• **TASK PROMPT**
Using the listing below, give again exactly the lines from the line with "และรางวัลในจดหมายจะมีระยะเวลากดรับภายใน 3 วัน" to the line with "Off-Shoulder Pleatedd Side", inclusive, without the pictures.

• **AVAILABLE RECORDS**
● ● ●

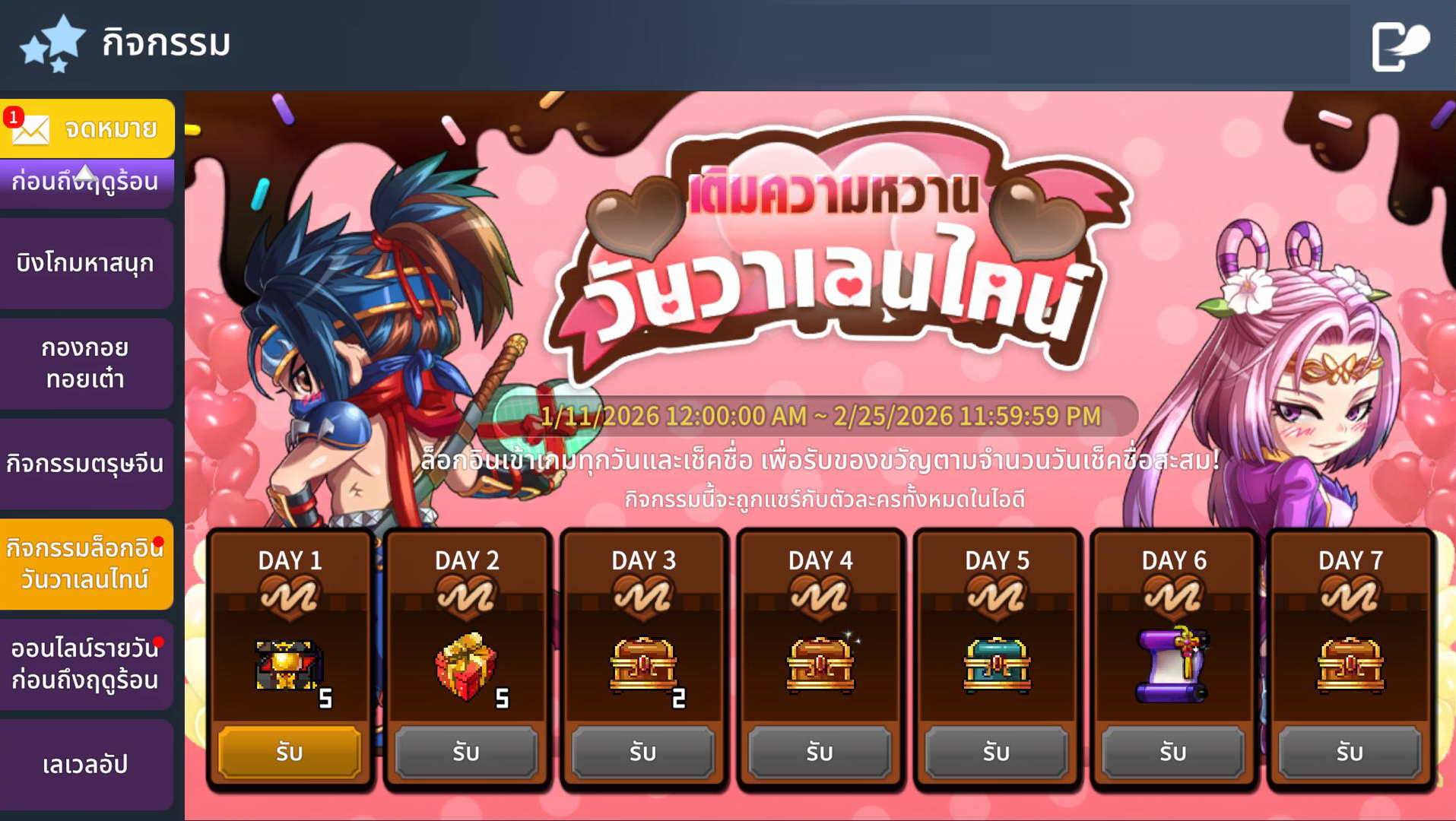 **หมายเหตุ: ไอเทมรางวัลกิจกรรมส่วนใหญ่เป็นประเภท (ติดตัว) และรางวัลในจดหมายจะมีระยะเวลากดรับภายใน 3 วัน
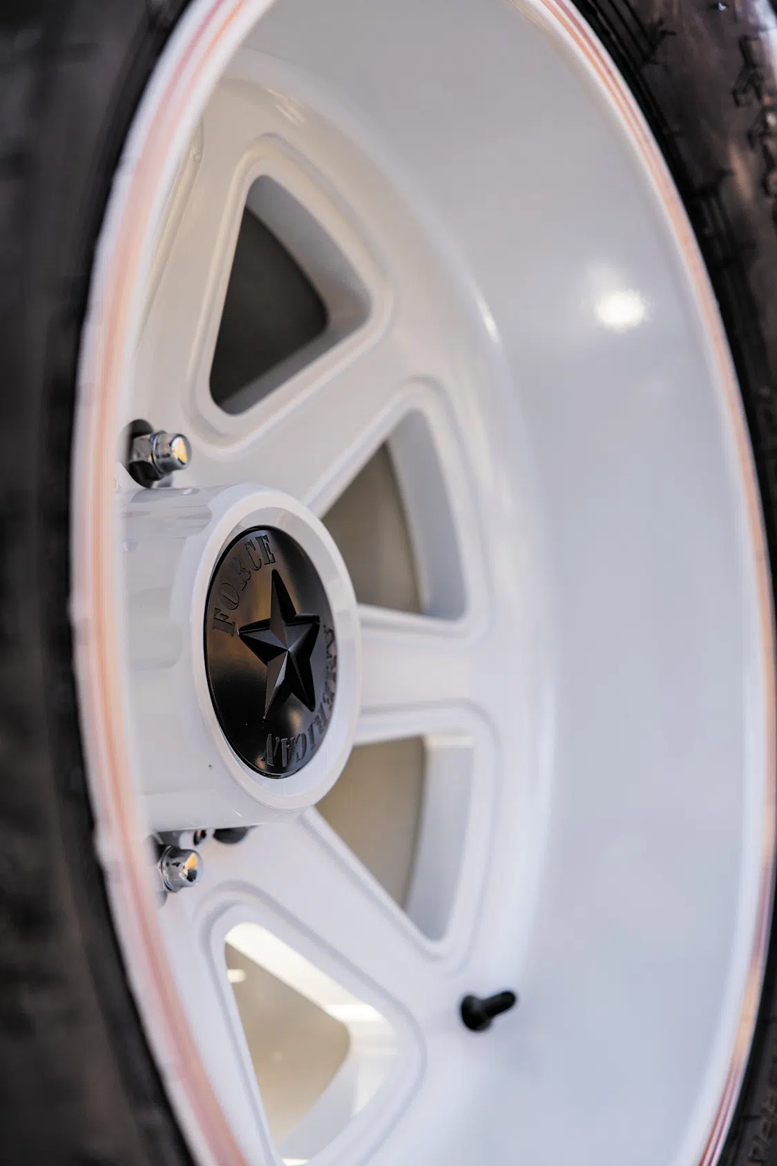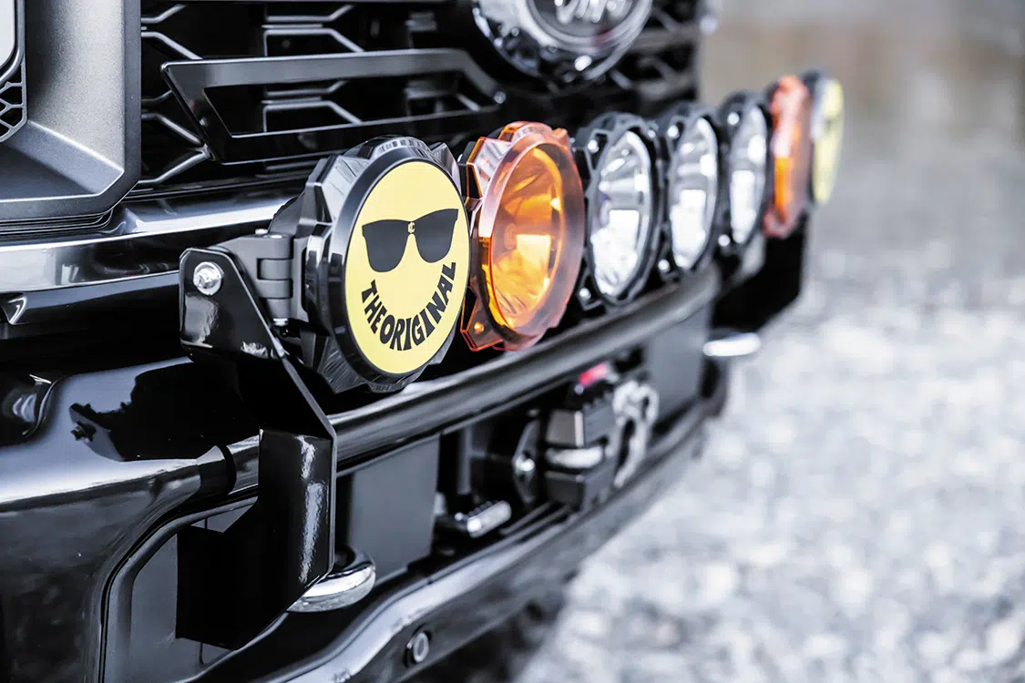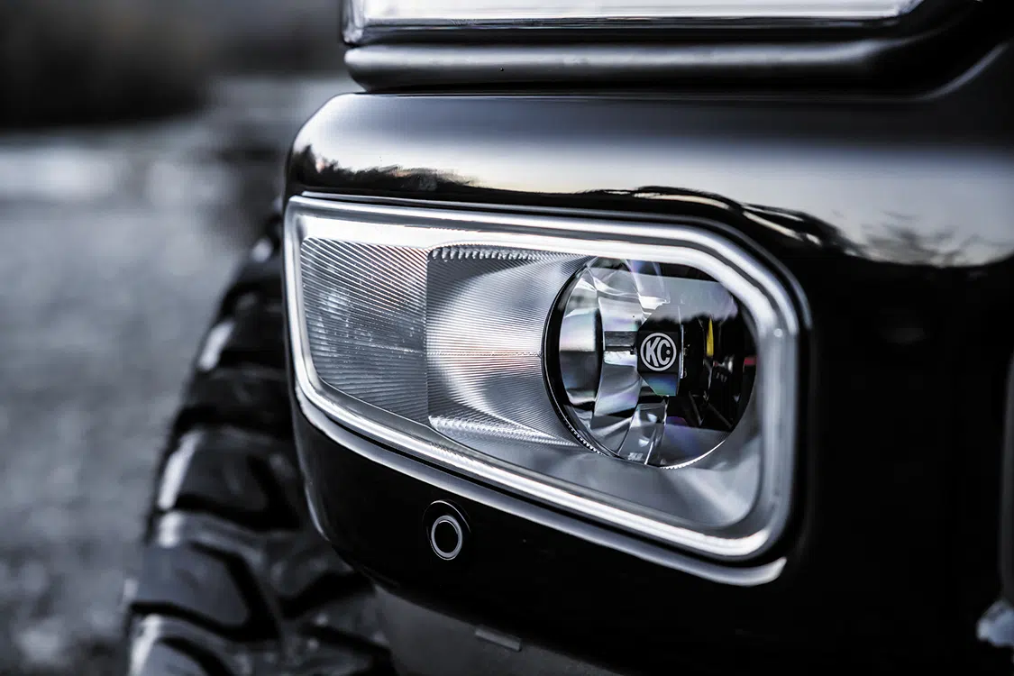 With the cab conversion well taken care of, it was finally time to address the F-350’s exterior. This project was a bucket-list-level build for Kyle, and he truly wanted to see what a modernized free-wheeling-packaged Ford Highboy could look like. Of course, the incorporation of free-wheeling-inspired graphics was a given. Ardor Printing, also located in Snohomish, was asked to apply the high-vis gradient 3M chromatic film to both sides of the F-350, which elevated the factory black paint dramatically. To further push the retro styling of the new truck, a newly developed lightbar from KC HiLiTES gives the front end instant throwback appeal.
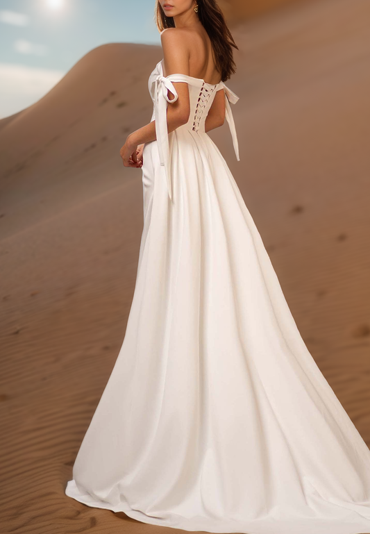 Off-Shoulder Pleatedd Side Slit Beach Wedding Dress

● ● ●

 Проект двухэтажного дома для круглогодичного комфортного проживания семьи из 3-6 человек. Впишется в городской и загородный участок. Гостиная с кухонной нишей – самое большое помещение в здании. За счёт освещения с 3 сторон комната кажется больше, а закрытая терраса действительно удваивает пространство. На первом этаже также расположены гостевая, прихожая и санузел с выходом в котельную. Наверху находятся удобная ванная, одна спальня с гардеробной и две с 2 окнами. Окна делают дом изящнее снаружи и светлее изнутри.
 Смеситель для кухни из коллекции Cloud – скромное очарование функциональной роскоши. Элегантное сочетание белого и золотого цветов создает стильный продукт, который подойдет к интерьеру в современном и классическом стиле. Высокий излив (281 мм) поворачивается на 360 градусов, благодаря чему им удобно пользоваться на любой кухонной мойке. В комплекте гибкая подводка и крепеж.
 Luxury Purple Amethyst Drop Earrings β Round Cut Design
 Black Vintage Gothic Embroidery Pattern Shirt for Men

● ● ●

• **REPLY**
 **หมายเหตุ: ไอเทมรางวัลกิจกรรมส่วนใหญ่เป็นประเภท (ติดตัว) และรางวัลในจดหมายจะมีระยะเวลากดรับภายใน 3 วัน
 With the cab conversion well taken care of, it was finally time to address the F-350’s exterior. This project was a bucket-list-level build for Kyle, and he truly wanted to see what a modernized free-wheeling-packaged Ford Highboy could look like. Of course, the incorporation of free-wheeling-inspired graphics was a given. Ardor Printing, also located in Snohomish, was asked to apply the high-vis gradient 3M chromatic film to both sides of the F-350, which elevated the factory black paint dramatically. To further push the retro styling of the new truck, a newly developed lightbar from KC HiLiTES gives the front end instant throwback appeal.
 Off-Shoulder Pleatedd Side Slit Beach Wedding Dress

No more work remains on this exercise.